Wednesday, June 18, 2008

Americans impress

How exactly could this writer believe that it was Argentina's U23 team versus the United States in Giants Stadium? Sure, Sosa, Gago, Messi and Aguero are u23 eligible, but the majority of the squad that played that day was not.
Other than that quibble, it's an interesting look at how U.S. fans come across to others.

Protecting the Egoal

"Ego defensiveness" is apparently what is behind raging soccer parents. (Nothing implied about Martin, here, it's just coincidence he's now a new dad.)

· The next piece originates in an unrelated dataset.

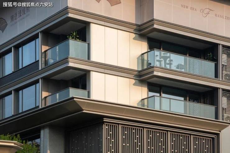 与传统涂料外立面相比,潮语臻境府采用的铝板+玻璃立面成本更高,耐久性更好,整体质感更为高级。香槟金色的铝板搭配斜切工艺,营造出轻奢潮流和通透雅致的气质,使项目成为市北西板块的美学典范。

I have to laugh at the coping strategies, though. Sucking on a lollipop? Picturing Elton John? Of course, if it works, I have no complaints. I've covered enough youth soccer games to know that crazy parents do exist and it ruins the experience of participating for many.

Thursday, May 1, 2008

Soccer makes outcasts cool

I'm not saying I agree with the premise of this paper, and I'm well aware that it's focusing on the growing popularity of soccer in Australia, but I'm curious about how much is applicable to the sport's growth in the U.S.

Saturday, April 19, 2008

Turf can hurt more than knees

Now, it's important to point out that the fields involved here are AstroTurf brand, while I think most MLS fields, etc, that are artificial are made by FieldTurf, which probably has different ingredients.
Grass is good, though. Still my favorite playing surface.

Tuesday, April 1, 2008

Beckham and Drew



Ok, it's April 1st, but Drew is serious about what he says in this video. It's an interesting point of view from one of the newest owners in the league. I like the way he worked the soccer analogy and the shots of Chivas USA and Riot Squad members into his whole argument.

Sunday, March 16, 2008

What does it mean to be Mexican/American?

David Keyes takes a look at how the Jesus Padilla situation has affected the identity of Chivas Guadalajara, which has made it official now that it's not Mexican-born that matters, but whether one is born eligible for Mexican citizenship (people born into the citizenship of another country must later apply for Mexican citizenship through their parents).

Though some may think that Luis and I blew this story open, I'd point out that Chivas was clearly moving in that direction (signing foreign-born Mexican players) anyway. Even if people don't believe our source who told us that the Chivas administrators knew very well that Jesus was born and raised in San Jose, California, when they signed him at 14, one only has to look at the fact that the club brought in Carlos Borja quite a while before we broke the story about Jesus Padilla.

Borja not only was born and grew up in the U.S., but he developed and played with the U.S. youth national teams for years. That's documented and well-known. Chivas might have thought they could sneak Padilla into their roster without anyone ever checking his birthplace (and it DID work for a while), but there's no way they could get away with trying that with Borja. It's hard to buy that Chivas would waste time signing him with their Tapatio reserve team unless they were looking ahead to changing the "Mexican-born" policy anyway.

If you read Grahame's article, his opinion of Michael Orozco as the best player on the field for the U.S. versus Honduras is clear. Mexican reporters told me that they think Edgar Castillo has been the best player for Mexico at the U23 games out here. Thing is, their positions could've been reversed - Castillo could have played for the U.S. and Orozco for Mexico.

Who will "Gringo" Padilla end up playing for? Who knows.